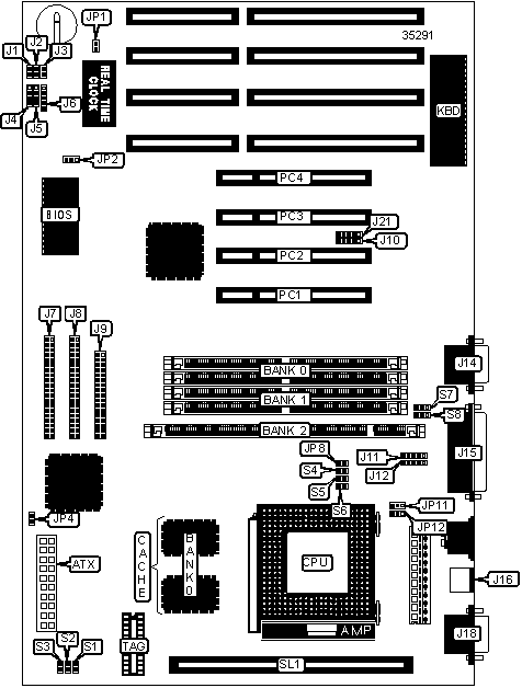 32-bit PCI slots (4), floppy drive interface, IDE interface (2), parallel port, PS/2 mouse port, serial ports (2), cache slot, IR connector, USB connector (2)
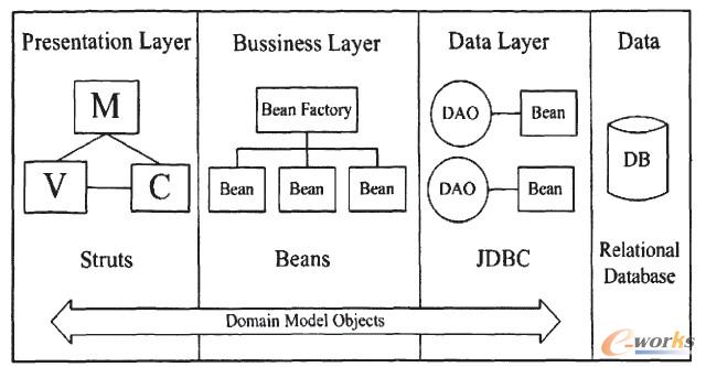 物資管理系統(tǒng)總體結(jié)構(gòu)分為三個層:表現(xiàn)層,業(yè)務(wù)層,數(shù)據(jù)層,應(yīng)用了MVC開發(fā)模式。軟件技術(shù)架構(gòu)如圖4。
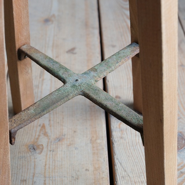 鉄製クロスが付いた、異素材コンビの丸椅子。主張しすぎない個性で、普通の丸椅子と差を付けたい方におすすめです。
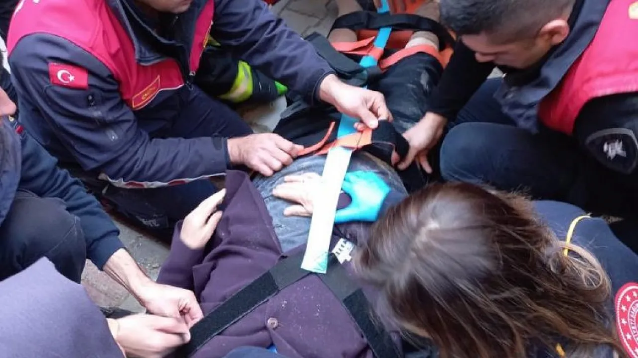 Kargo dağıtım aracının altında kalan kadını itfaiye kurtardı

Aim of the exercise: Everything in the listing, except its images, should be set down exactly.

Reply to the task:
 32-bit PCI slots (4), floppy drive interface, IDE interface (2), parallel port, PS/2 mouse port, serial ports (2), cache slot, IR connector, USB connector (2)
 物資管理系統(tǒng)總體結(jié)構(gòu)分為三個層:表現(xiàn)層,業(yè)務(wù)層,數(shù)據(jù)層,應(yīng)用了MVC開發(fā)模式。軟件技術(shù)架構(gòu)如圖4。
 鉄製クロスが付いた、異素材コンビの丸椅子。主張しすぎない個性で、普通の丸椅子と差を付けたい方におすすめです。
 Kargo dağıtım aracının altında kalan kadını itfaiye kurtardı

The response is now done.